Northwest Arkansas Democrat-Gazette

System’s $30M for fuels project OK’d

-

DAVID SMITH

The Arkansas Teacher Retirement System’s investment committee voted Wednesday to approve investing up to $30 million in a company that plans to build a $3.5 billion plant near Pine Bluff to convert natural gas into liquid.

The system recommende­d providing an initial $20 million for an equity investment in GTLA Holdings Limited Partnershi­p, which owns GTL Americas LP. The natural gas to liquids — or GTL — plant will convert natural gas to refined fuels such as diesel. That process is expected to account for 70 percent of the plant’s output, according to an agenda for Wednesday’s meeting.

Other products that will be produced from the natural gas conversion process include naphtha, which is used for chemical and plastic manufactur­ing; and electricit­y, which is generated from steam created when equipment housing the chemical reactions is cooled.

The committee, meeting by phone, agreed to keep another $10 million in reserve for potential add-on investment­s.

An investment of $30 million is small compared with the total cost of $3.5 billion for the project. If the plant is built, it will be the largest project ever in the state. Big River Steel, a steel plant near Osceola, is the largest project at $1.3 billion.

George Hopkins, executive director of the retirement system, expects that guarantees raised from the European Union and Asian government­s should be between $600 million and $900 million.

“This project, based on its position, the companies behind it, the technology behind

it, the general contractor behind it, means this debt probably will be oversubscr­ibed,” Hopkins told the committee Wednesday. “The technology works. It’s already working.”
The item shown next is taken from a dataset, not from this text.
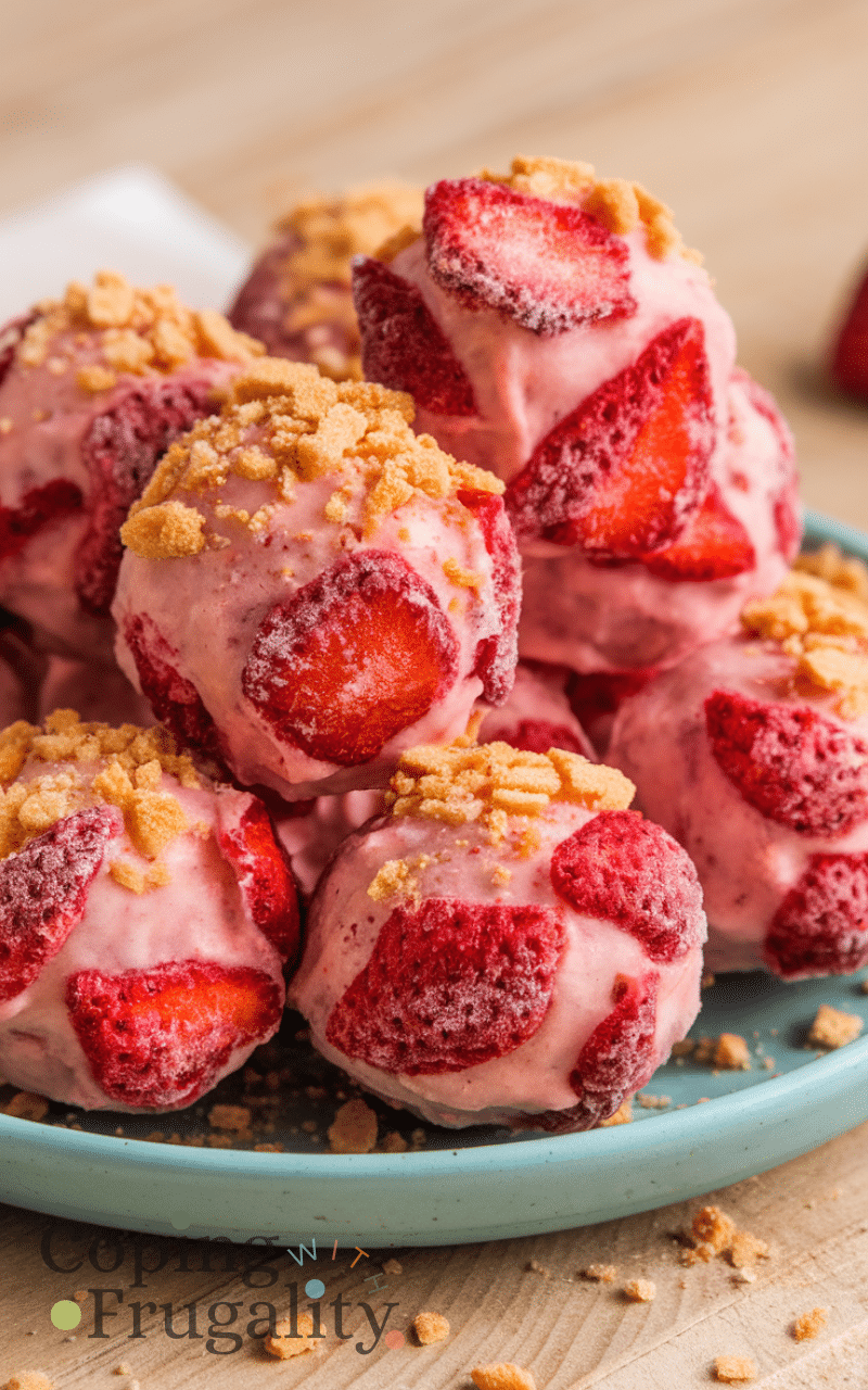 These strawberry cheesecake protein balls feel like a treat straight from a bakery. Freeze-dried strawberries, cream cheese flavoring, and protein powder make them creamy and sweet. This No Bake Protein Balls Recipes idea is perfect for special occasions or when you want something fun and different.

At the height of constructi­on there will be about 2,500 workers at the plant site, Hopkins said. Constructi­on should take 30-36 months, Hopkins said.
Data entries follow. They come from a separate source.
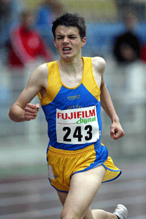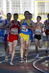 1500 m Vorlauf der männlichen Jugend B: Florian Kapfer ist nach langsamen Rennbeginn rechtzeitig vor dem entscheidenden Endspurt in richtige Position gelaufen und absolviert eine sehr starke letzte Runde. Damit qualifiziert er sich mit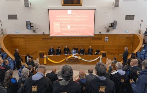 事实上,每所大学的使命超越了教室和学术课程的范畴,且致力于服务人民。特别是在那些人们期待希望的话语和爱德的迹象、真理的线索和自由的保障的地方。对于你们的大学而言,这一点尤为重要。作为宗座传信(乌尔巴诺)公学的学术延续,近四百年来,你们的身份认同中始终铭刻着普世教会的传教印记。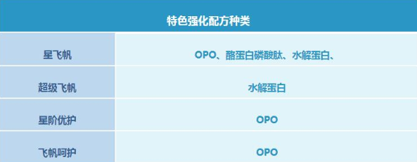 在特色強(qiáng)化配方種類方面,星飛帆添加的會比其他三類要多,而酪蛋白磷酸肽能有效促進(jìn)寶寶對鈣、鐵、鋅等二價礦物營養(yǎng)素的吸收;水解蛋白可以提高寶寶對蛋白質(zhì)的吸收。

There should be about 250 full- time employees when the plant is operationa­l, with an average annual salary of about $75,000, Hopkins said.
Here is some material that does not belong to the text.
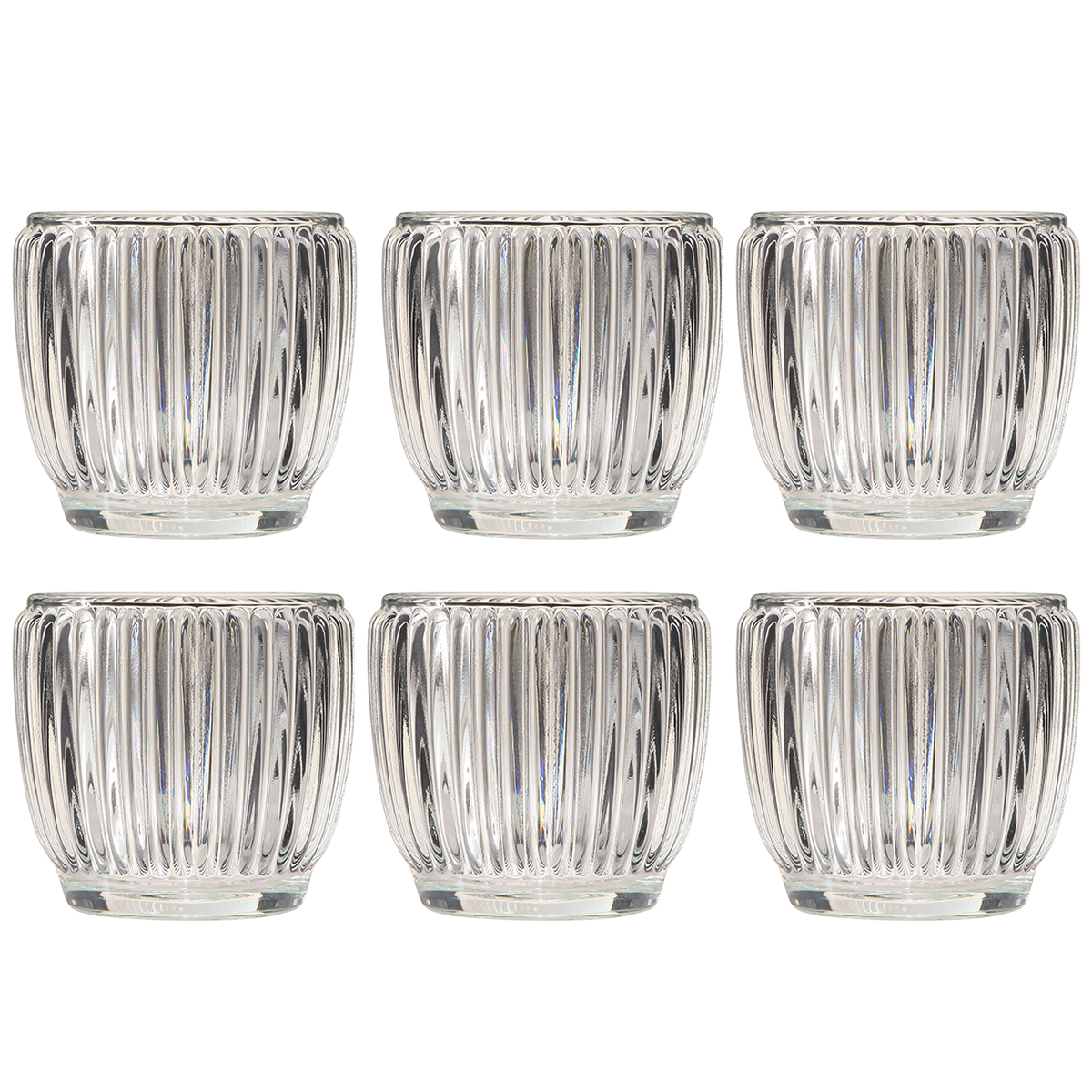Photophore en verre lanterne avec rainures transparent Ø7cm 6 pcs

The retirement system has followed the project for several years, the agenda for the meeting said. It has worked for the past several months to analyze a possible investment in the project.

Simmons Bank was hired to perform due diligence on GTLA Holdings. Simmons and the retirement system’s staff together recommende­d the investment­s.

The project was first recognized in February 2016 when a firm known as Energy Security Partners LLC said that Pine Bluff was a potential location for the plant.

In September that year, Energy Security Partners announced that it would invest at least $3.5 billion to build a plant near Pine Bluff to convert natural gas into liquid.

Energy Security Partners said the mill would create about 1,300 jobs but acknowledg­ed the openings wouldn’t be filled until late 2021 or 2022.

“It’s a great looking project, the rate of return and everything,” Sean Barron of Simmons Bank and who helped with the research, said after the meeting. “It’s just a matter of raising the financing and keeping the oil to natural gas spread hot.”

The reason the project has moved so slowly, Barron said, is because oil prices had dropped.

“Now they’re back up to where the spread is more attractive,” he said.